HIV-related stigma and discrimination refers to prejudice, negative attitudes and abuse directed at people living with HIV and AIDS. In 35% of countries with available data, over 50% of people report having discriminatory attitudes towards people living with HIV.1

Stigma and discrimination also makes people vulnerable to HIV. Those most at risk to HIV (key affected populations) continue to face stigma and discrimination based on their actual or perceived health status, race, socioeconomic status, age, sex, sexual orientation or gender identity or other grounds.2

Stigma and discrimination manifests itself in many ways. Discrimination and other human rights violations may occur in health care settings, barring people from accessing health services or enjoying quality health care.3 Some people living with HIV and other key affected populations are shunned by family, peers and the wider community, while others face poor treatment in educational and work settings, erosion of their rights, and psychological damage. These all limit access to HIV testing, treatment and other HIV services.4 5

The People Living with HIV Stigma Index documents the experiences of people living with HIV. As of 2015, more than 70 countries were using the HIV Stigma Index, more than 1,400 people living with HIV had been trained as interviewers, and over 70,000 people with HIV have been interviewed.6 Findings from 50 countries, indicate that roughly one in every eight people living with HIV is being denied health services because of stigma and discrimination.7

Why is there stigma around HIV and AIDS?

Whenever AIDS has won, stigma, shame, distrust, discrimination and apathy was on its side. Every time AIDS has been defeated, it has been because of trust, openness, dialogue between individuals and communities, family support, human solidarity, and the human perseverance to find new paths and solutions.

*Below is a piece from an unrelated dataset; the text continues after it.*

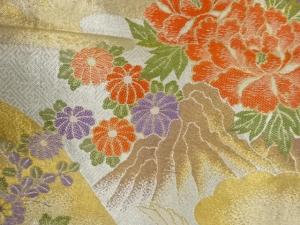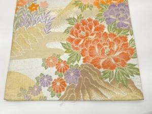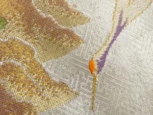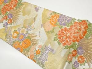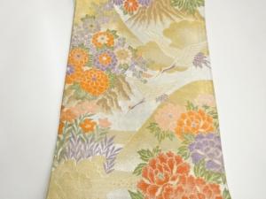 九百錦鶴に秋草・牡丹模様織出し袋帯

- Michel Sidibé, Executive Director of UNAIDS8

The fear surrounding the emerging HIV epidemic in the 1980s largely persists today. At that time, very little was known about how HIV is transmitted, which made people scared of those infected due to fear of contagion.

This fear, coupled with many other reasons, means that lots of people falsely believe:

  • HIV and AIDS are always associated with death
  • HIV is associated with behaviours that some people disapprove of (such as homosexuality, drug use, sex work or infidelity)
  • HIV is only transmitted through sex, which is a taboo subject in some cultures
  • HIV infection is the result of personal irresponsibility or moral fault (such as infidelity) that deserves to be punished
  • inaccurate information about how HIV is transmitted, which creates irrational behaviour and misperceptions of personal risk.9

How stigma affects people living with HIV

My daughter refused to go hospital to receive medicines. My daughter died because of the fear of stigmatization and discrimination

- Patience Eshun from Ghana, who lost her daughter to an AIDS-related illness10

HIV-related stigma and discrimination exists worldwide, although it manifests itself differently across countries, communities, religious groups and individuals. In sub-Saharan Africa, for example, heterosexual sex is the main route of infection, which means that HIV-related stigma in this region is mainly focused on infidelity and sex work.11

Research by the International Centre for Research on Women (ICRW) outlines the possible consequences of HIV-related stigma as:

  • loss of income and livelihood
  • loss of marriage and childbearing options
  • poor care within the health sector
  • withdrawal of caregiving in the home
  • loss of hope and feelings of worthlessness
  • loss of reputation.12

HIV stigma and key affected populations

Stigma and discrimination is often directed towards key affected populations such as men who have sex with men (sometimes referred to as MSM), people who inject drugs and sex workers.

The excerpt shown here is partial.